**DATA TO EXAMINE**
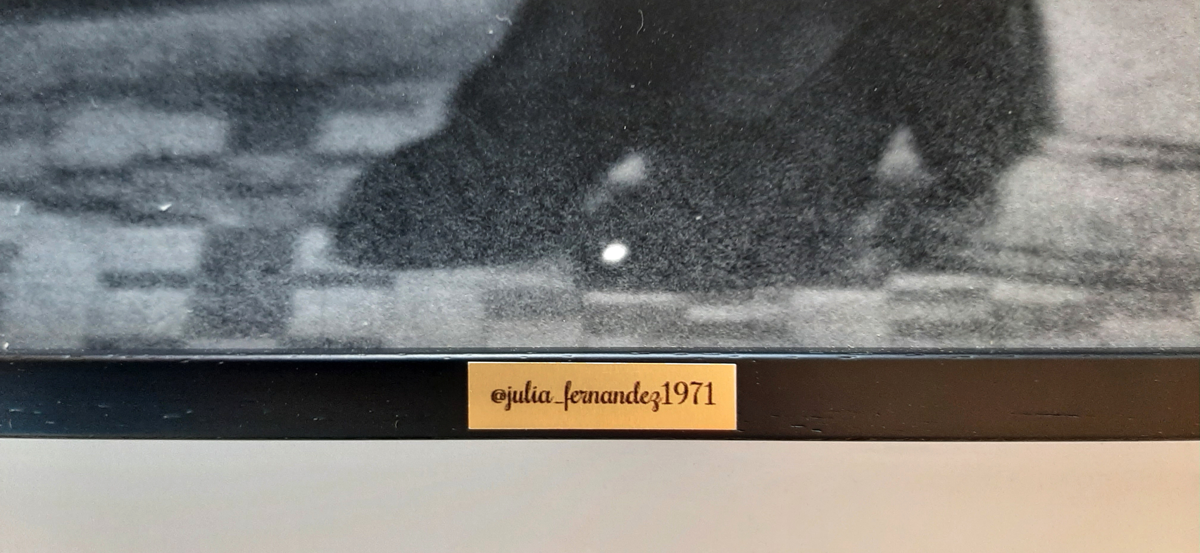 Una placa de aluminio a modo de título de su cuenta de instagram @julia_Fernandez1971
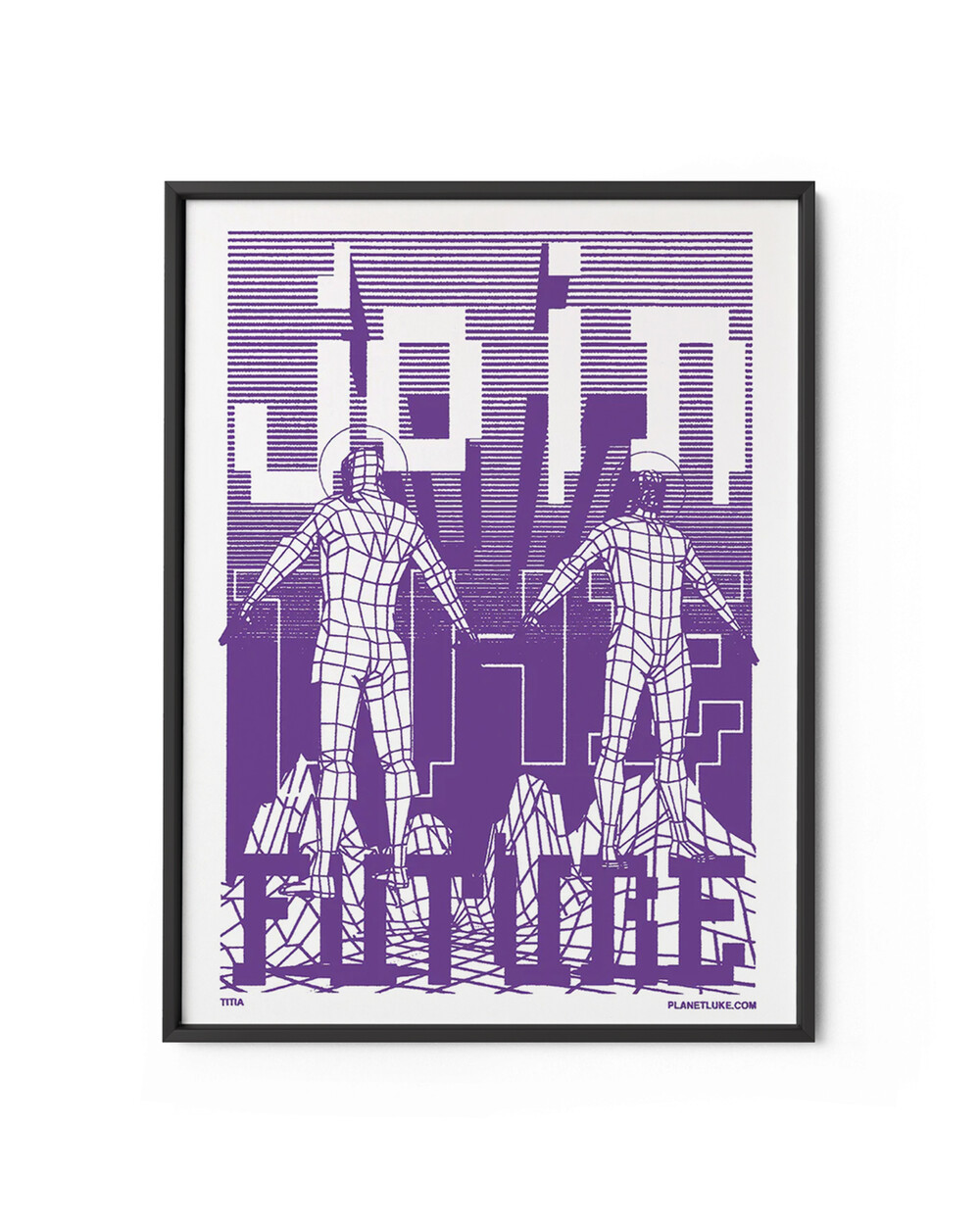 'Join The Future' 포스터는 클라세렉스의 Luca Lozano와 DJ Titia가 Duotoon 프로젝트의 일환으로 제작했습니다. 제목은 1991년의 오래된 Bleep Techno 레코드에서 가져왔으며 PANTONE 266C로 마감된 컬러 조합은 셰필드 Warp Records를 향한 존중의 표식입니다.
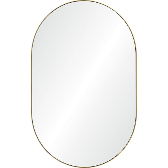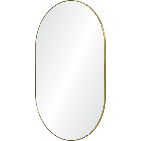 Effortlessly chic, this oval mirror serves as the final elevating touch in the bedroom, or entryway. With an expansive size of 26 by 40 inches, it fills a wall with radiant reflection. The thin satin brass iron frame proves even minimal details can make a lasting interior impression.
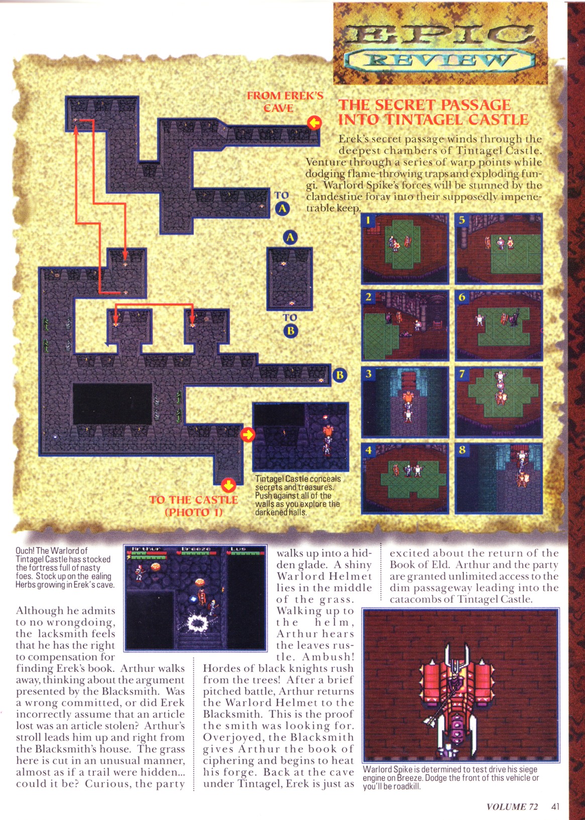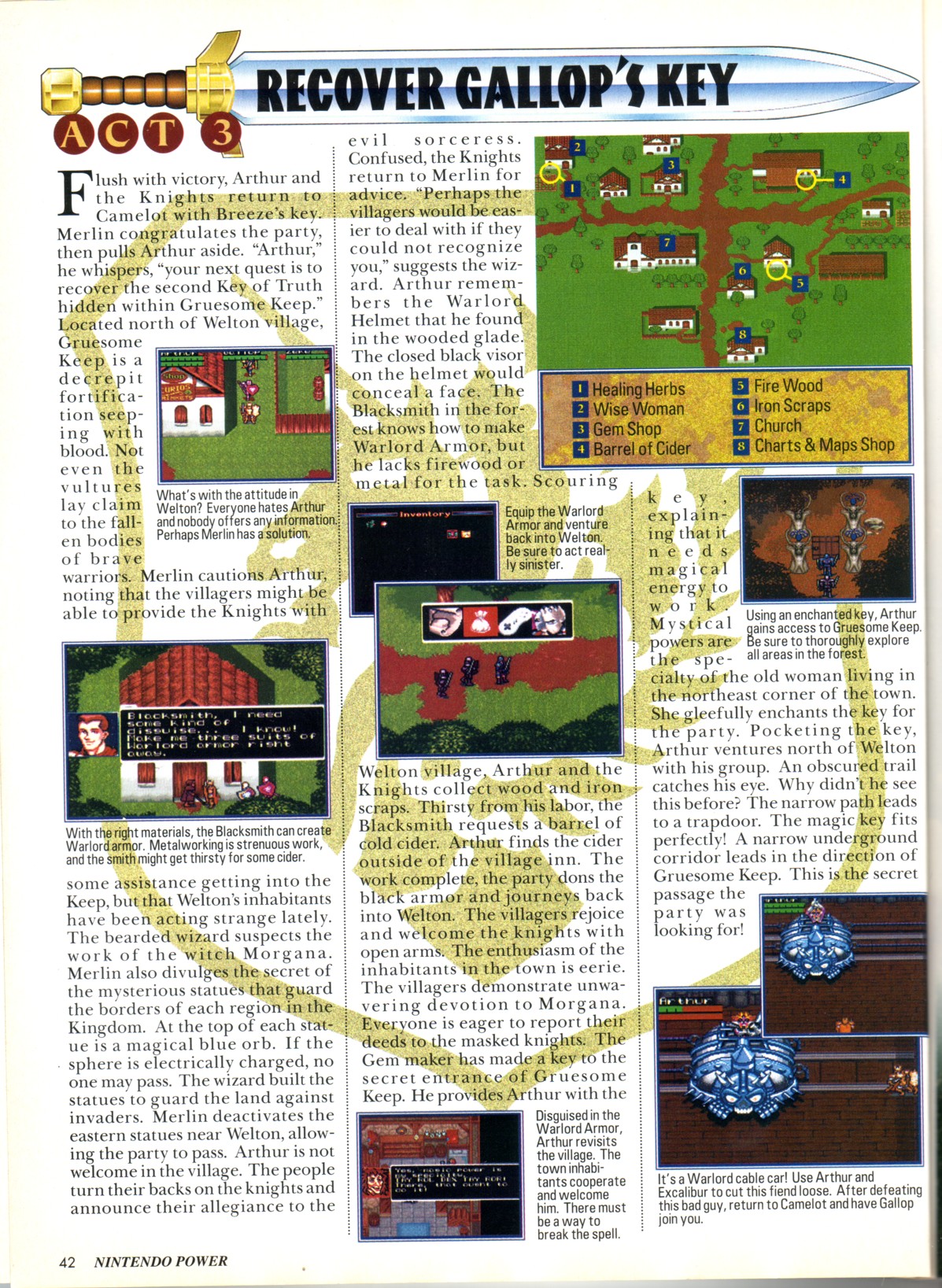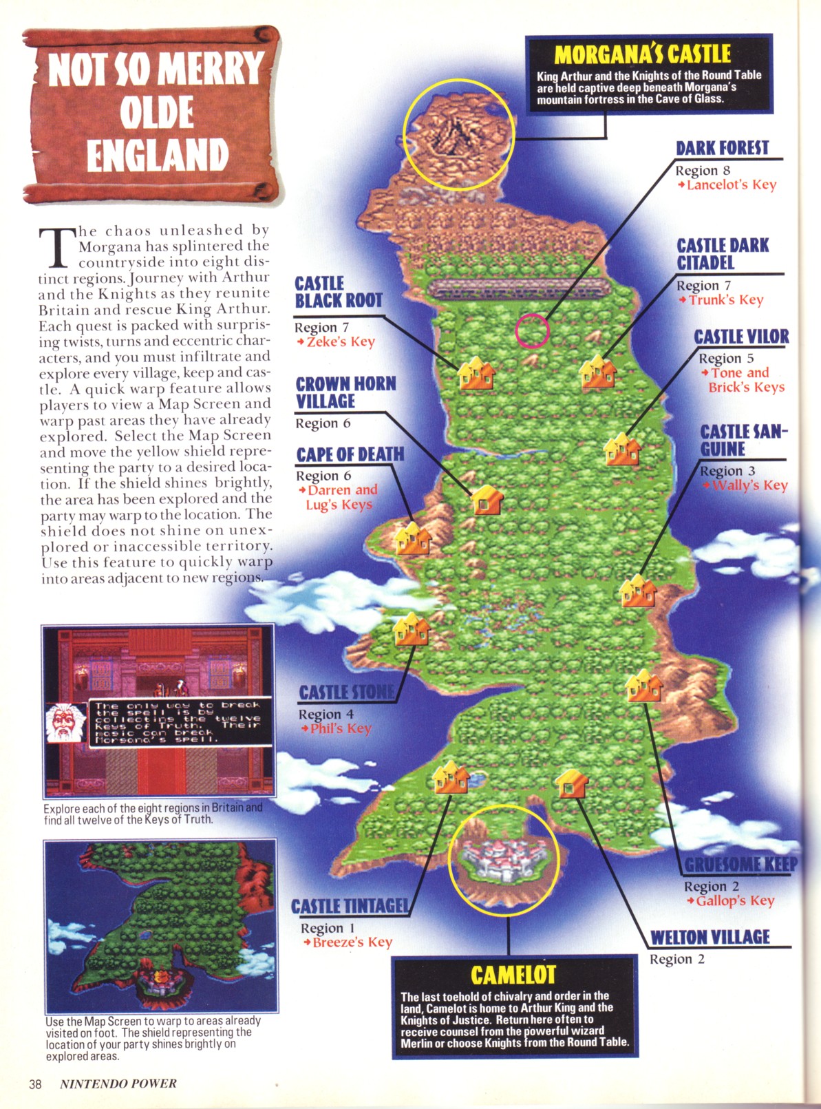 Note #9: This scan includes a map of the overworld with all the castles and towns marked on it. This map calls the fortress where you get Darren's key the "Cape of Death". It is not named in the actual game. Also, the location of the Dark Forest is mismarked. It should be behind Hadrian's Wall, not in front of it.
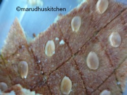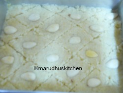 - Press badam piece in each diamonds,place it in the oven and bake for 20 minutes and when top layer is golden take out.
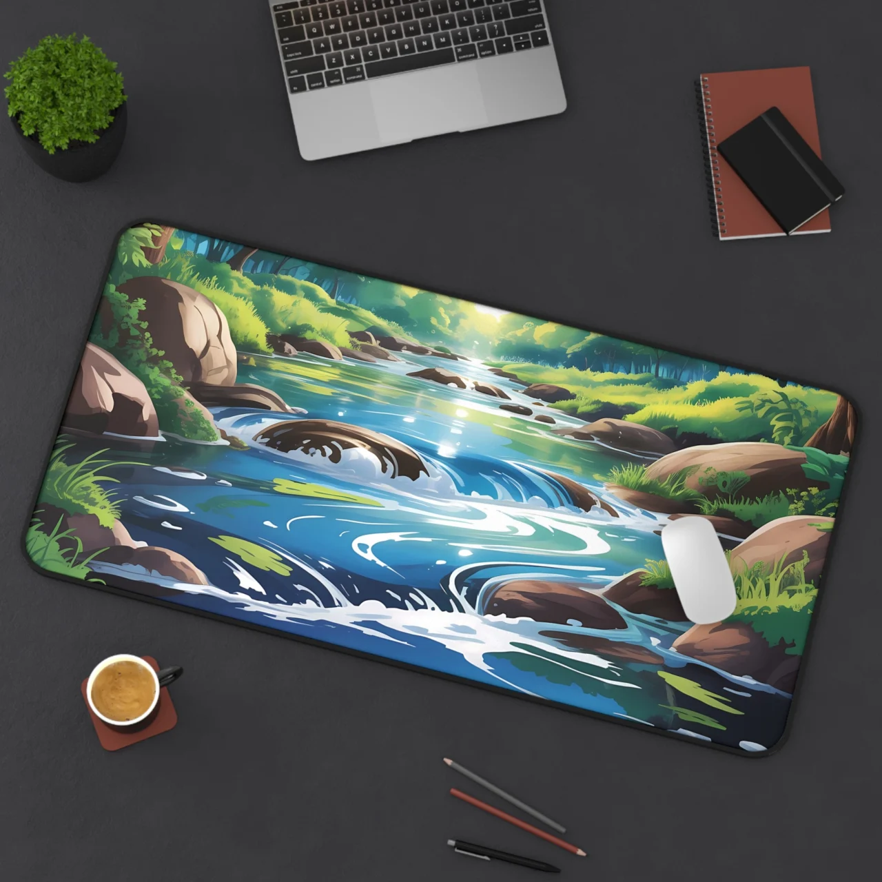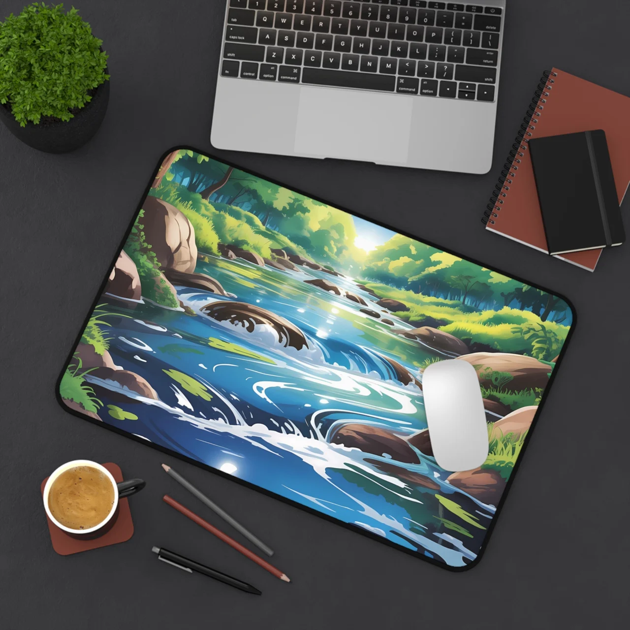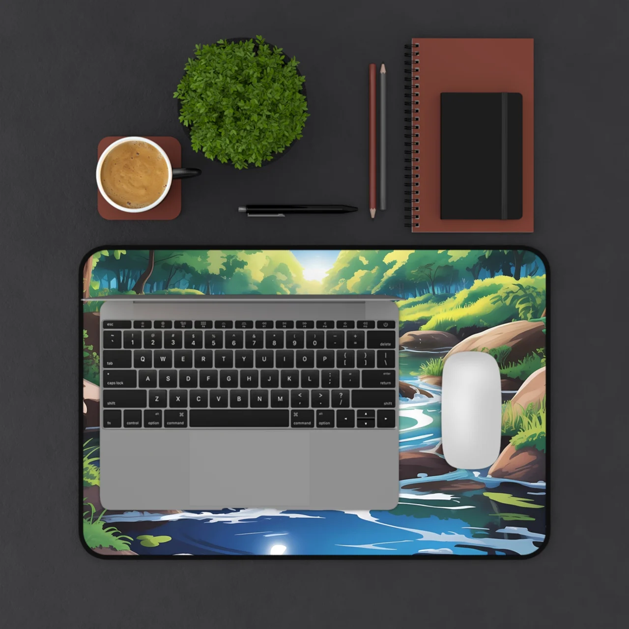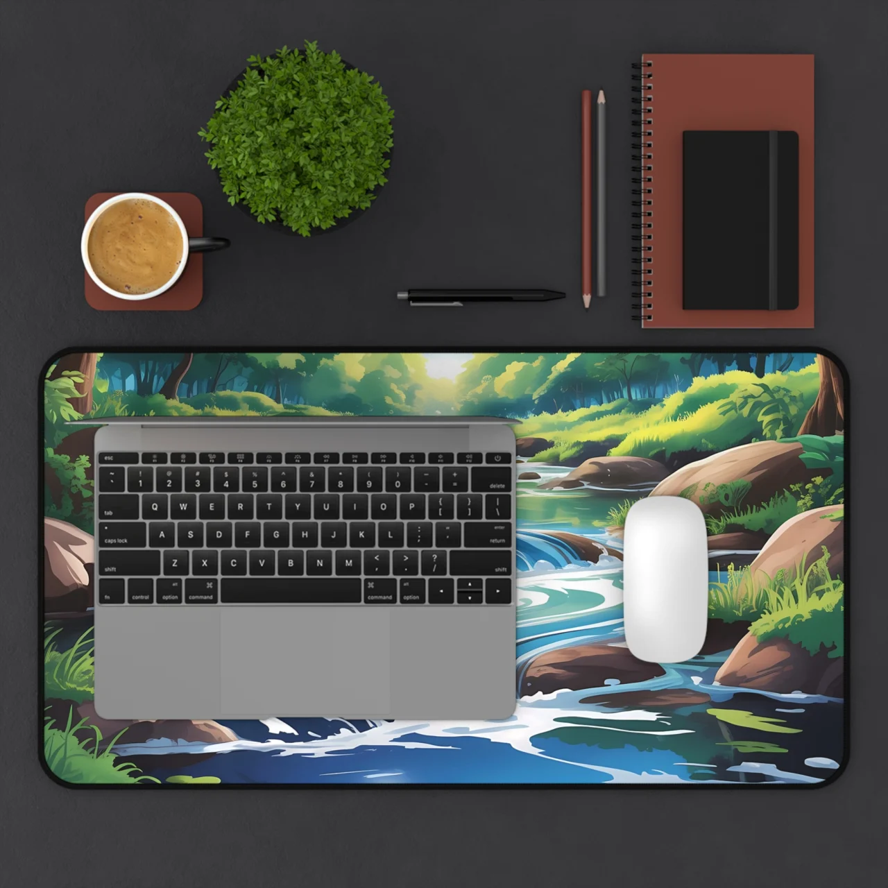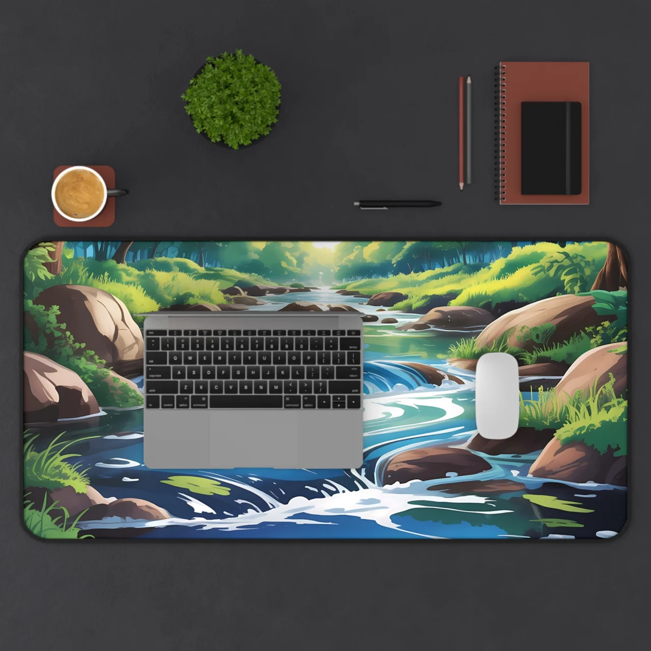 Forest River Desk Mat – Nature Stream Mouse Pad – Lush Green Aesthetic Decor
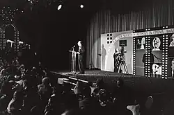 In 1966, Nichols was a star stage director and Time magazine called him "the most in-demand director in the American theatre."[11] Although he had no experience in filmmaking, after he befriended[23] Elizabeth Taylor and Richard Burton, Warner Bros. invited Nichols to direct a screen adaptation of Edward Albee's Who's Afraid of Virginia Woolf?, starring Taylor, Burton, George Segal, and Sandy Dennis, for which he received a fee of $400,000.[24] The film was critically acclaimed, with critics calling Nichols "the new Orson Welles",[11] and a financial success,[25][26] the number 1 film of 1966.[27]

**TASK INSTRUCTIONS**
From the opening line of the listing above through the line bearing "향한 존중의 표식입니다.", repeat each line exactly. Drop every picture.

**ANSWER BOX**
 Una placa de aluminio a modo de título de su cuenta de instagram @julia_Fernandez1971
 'Join The Future' 포스터는 클라세렉스의 Luca Lozano와 DJ Titia가 Duotoon 프로젝트의 일환으로 제작했습니다. 제목은 1991년의 오래된 Bleep Techno 레코드에서 가져왔으며 PANTONE 266C로 마감된 컬러 조합은 셰필드 Warp Records를 향한 존중의 표식입니다.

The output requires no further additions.